I have been a Departmental Lecturer in Visual, Material and Museum Anthropology at the University of Oxford and continue to lecture on the Anthropology of Art and Design, Material Culture, Consumption, Apprenticeship methodologies, and Museum practice in the School of Anthropology and Museum Ethnography. I have also taught modules for undergraduate students at Hertford College and Magdalene College, University of Oxford, and have been an Ashmolean Junior Teaching Fellow on Krasis. I regularly supervise undergraduate dissertations and encourage students interested in pursuing doctoral studies that align with my research interests to be in touch.

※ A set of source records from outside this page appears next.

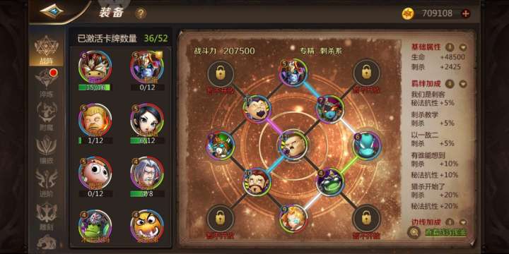 众所周知,战阵属性属于独立与攻击之外的属性,因副本BOSS无对应抗性,故PVE,收益显著;PVP中收益亦大于攻击。如何设置好战阵属性尤为重要。提升战阵属性共4个方面:1、提升上阵卡牌等级;2、提升未上阵卡牌数目及等级激活战阵图鉴属性;3、激活上阵卡牌羁绊属性;4、激活上阵卡牌边线属性。本人主玩刺客,猎人、黑暗骑士,刺客刺杀精通15%;猎人、黑暗骑士刺杀精通12%、狂暴精通12%,故综合考虑,选择
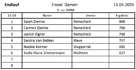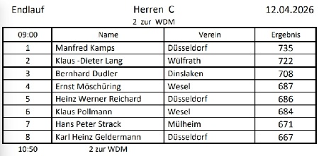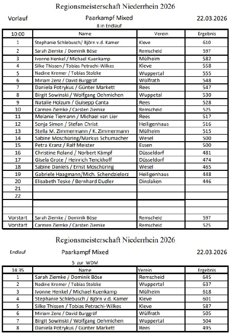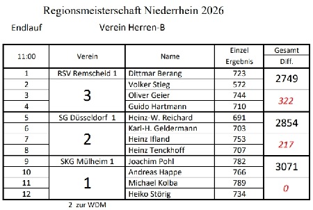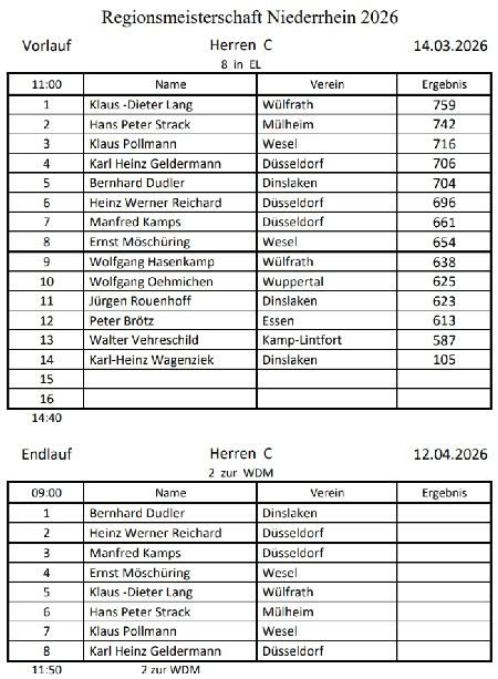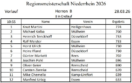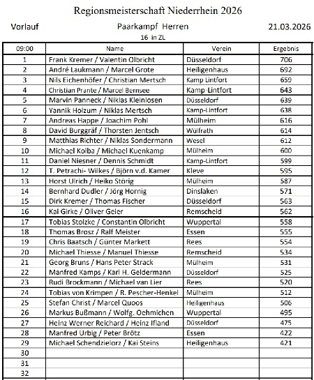 Teilnehmerliste der Niederrheinmeisterschaft und aktuelle Ergebnisse
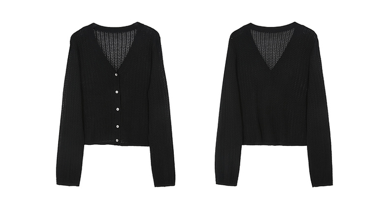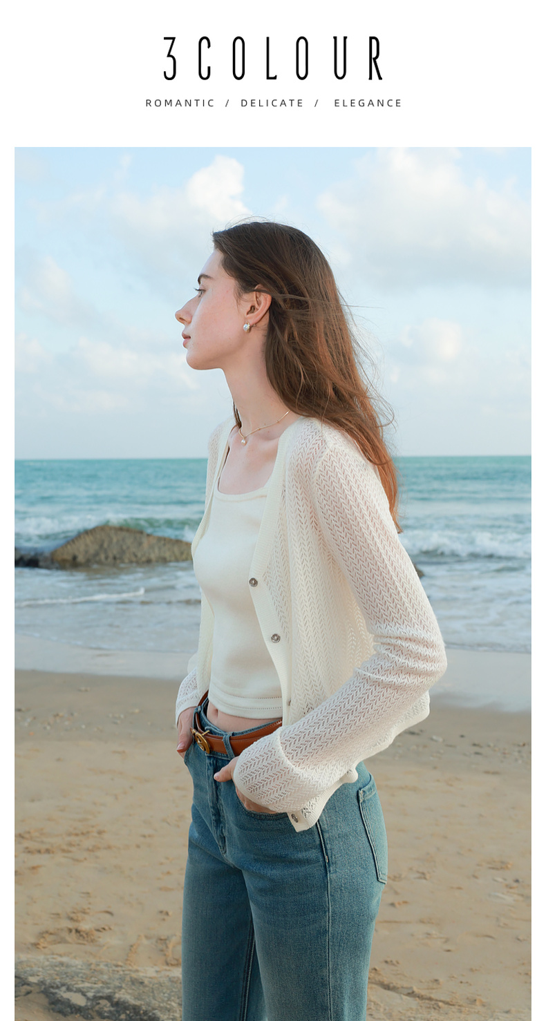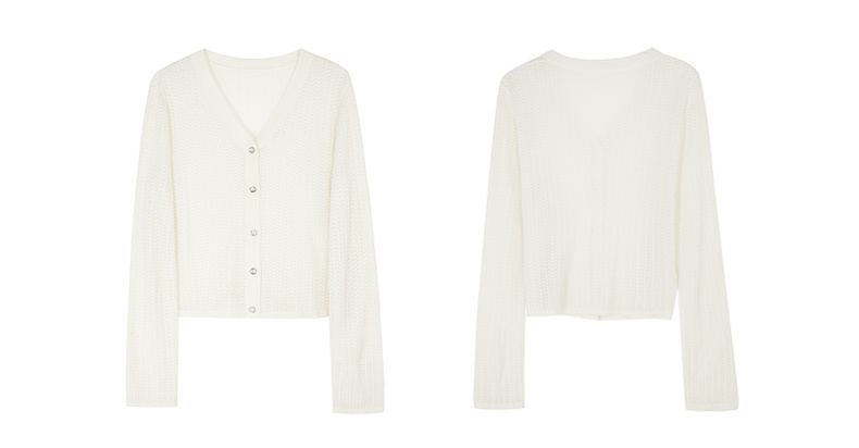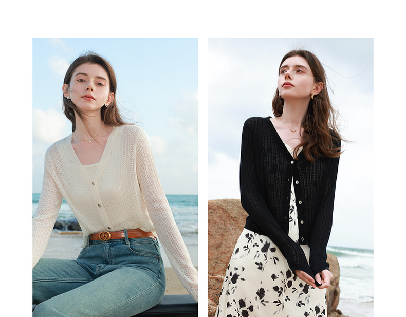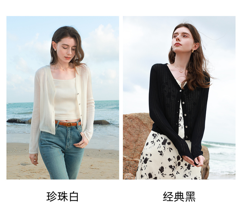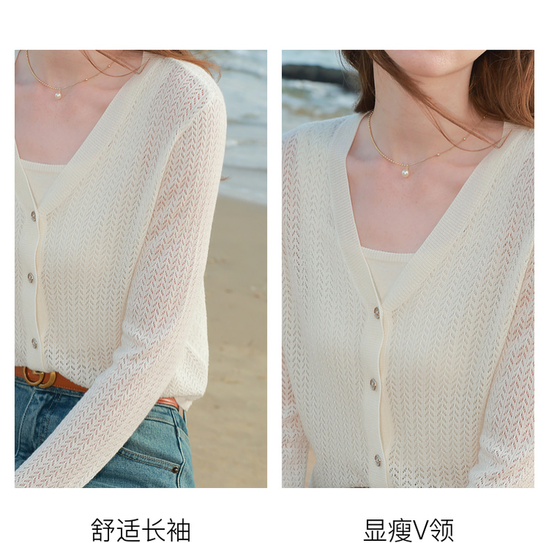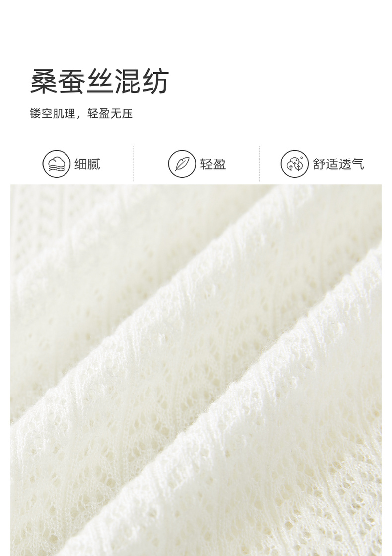 三彩2025秋季新款镂空针织衫V领轻薄毛衫外套短款开衫简约罩衫M
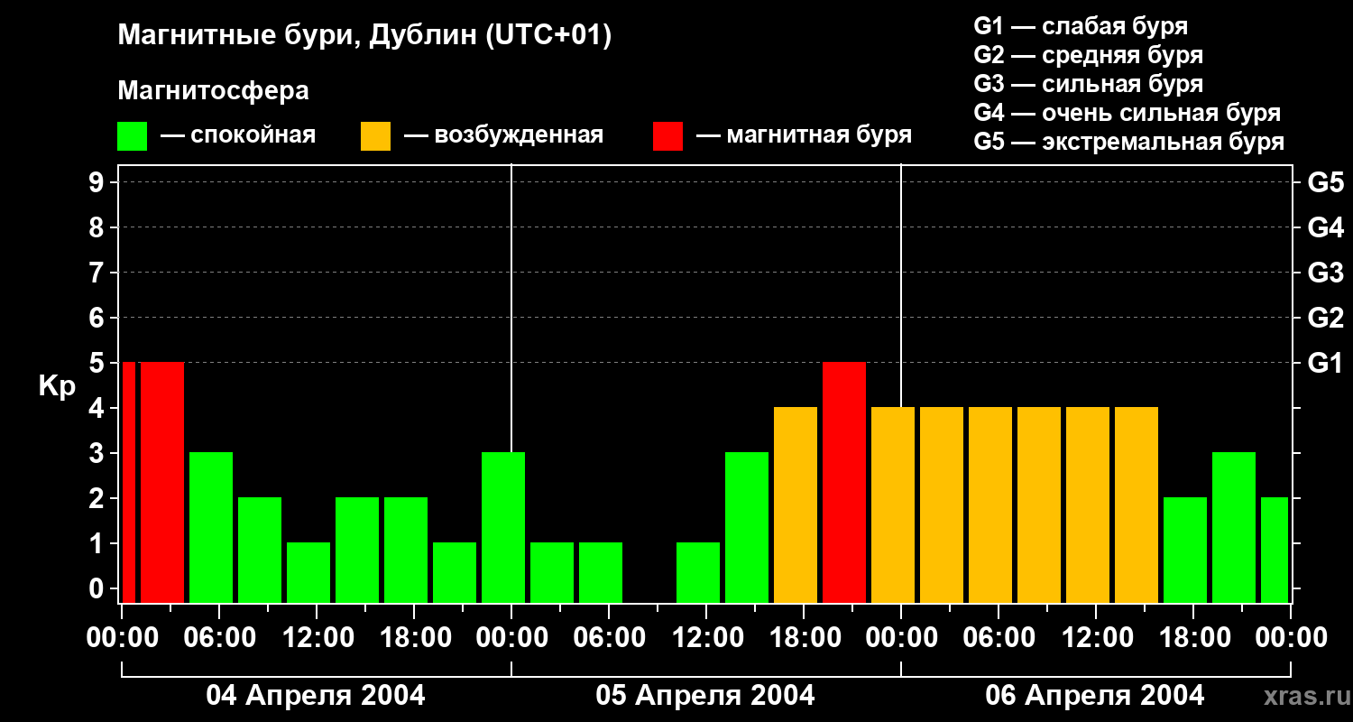 Магнитные бури в Дублине в апреле 2004 года
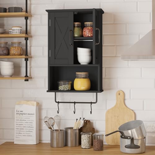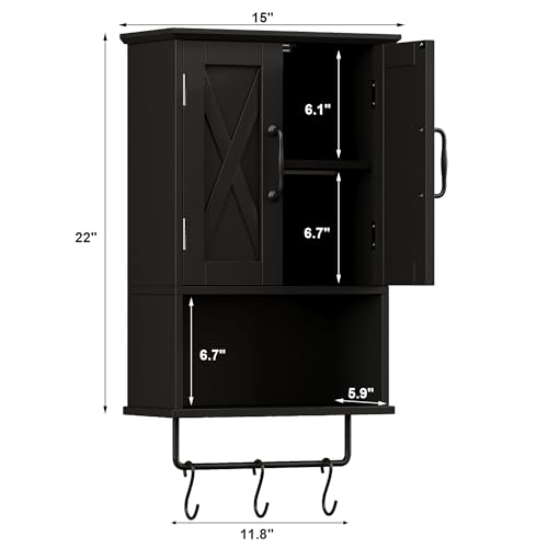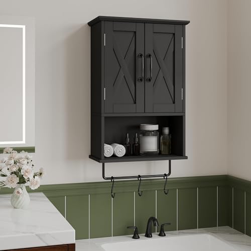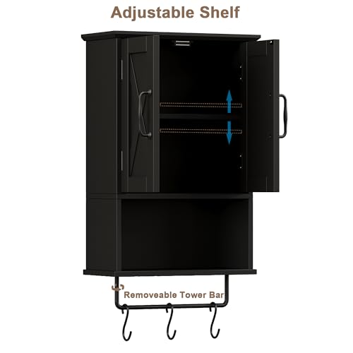 خزانة أدوية بتصميم بيت المزرعة، خزانة حائط للحمام مع رف قابل للتعديل، قضيب فوط، 3 خطافات، خزانة تخزين فوق المرحاض للحمام والمطبخ، لون أسود من تشو تشو

I have given public and academic talks on my research in the UK, USA, Japan and Germany. I have also organised and taken part in practical sessions including bringing my fieldwork participants from Kanai Kougei in Japan to the UK and holding dorozome (mud-dyeing) workshops at Wolfson College, Oxford; the Horniman Museum, London; and the Royal College of Art, London.

METHODOLOGY

During periods of ethnographic fieldwork, I combine visual, conceptual and practical aspects of the design process with anthropological traditions of contextualisation, interpretation and theory to ask what results design as an anthropological method might yield. While photography is an exemplary recording tool for documenting, identifying and communicating my research to a non-specialist audience I also use visuals ­– photographs, drawings, textile designs, found images – to capture the essence of my fieldsite in order to translate my research data more holistically. Influenced by my background as a designer, where images (or inspirations) are combined into a kind of bricolage, this generative technique aims to make new visual or functional cultural forms. Yet with an awareness of this extractive practice in the commercial sphere, I instead use it to generate a line of ethnographic enquiry that combines imaginative, academic and ethical thinking. My visual anthropological approach has been incorporated into the design of my monograph Dyeing with the Earth (Duke University Press, 2025).